EXERCISE BRIEF:
Taking only the lines of the data below from the line with "Meuble Sideboard USM" to the line with "The Quattro Fontane", ends included, write them out exactly and without pictures.

DATA TO PROCESS:
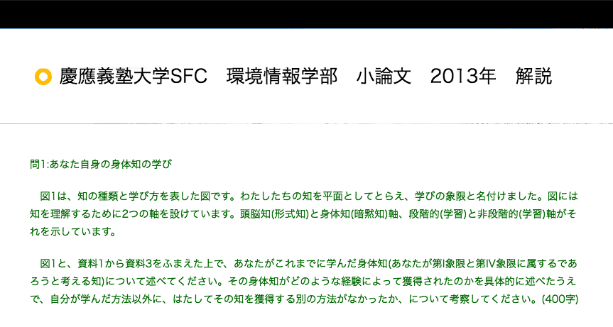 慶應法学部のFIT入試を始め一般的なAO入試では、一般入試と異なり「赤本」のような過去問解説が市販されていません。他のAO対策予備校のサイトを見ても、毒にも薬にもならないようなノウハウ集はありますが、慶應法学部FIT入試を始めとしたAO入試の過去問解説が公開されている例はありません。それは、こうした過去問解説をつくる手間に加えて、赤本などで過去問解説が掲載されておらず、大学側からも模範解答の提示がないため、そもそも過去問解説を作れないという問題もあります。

==

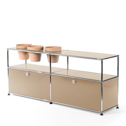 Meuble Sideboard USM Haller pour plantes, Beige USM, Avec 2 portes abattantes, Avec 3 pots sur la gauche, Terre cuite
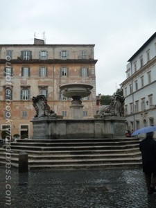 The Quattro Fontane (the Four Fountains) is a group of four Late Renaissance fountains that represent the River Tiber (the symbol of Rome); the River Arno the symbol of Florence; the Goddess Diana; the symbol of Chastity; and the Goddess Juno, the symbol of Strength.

---

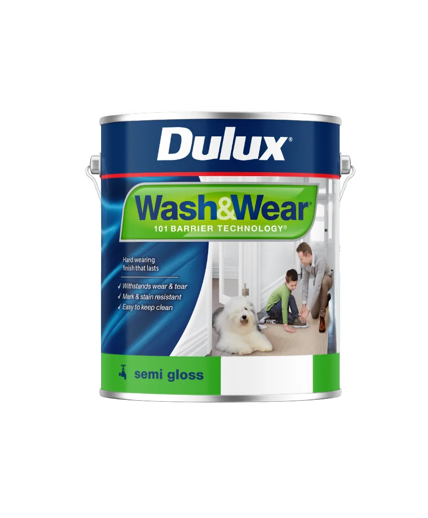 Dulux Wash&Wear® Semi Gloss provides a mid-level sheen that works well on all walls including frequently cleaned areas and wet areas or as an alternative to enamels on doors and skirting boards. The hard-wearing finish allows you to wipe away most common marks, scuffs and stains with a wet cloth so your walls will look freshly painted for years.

PROBLEM SOLUTION:
 Meuble Sideboard USM Haller pour plantes, Beige USM, Avec 2 portes abattantes, Avec 3 pots sur la gauche, Terre cuite
 The Quattro Fontane (the Four Fountains) is a group of four Late Renaissance fountains that represent the River Tiber (the symbol of Rome); the River Arno the symbol of Florence; the Goddess Diana; the symbol of Chastity; and the Goddess Juno, the symbol of Strength.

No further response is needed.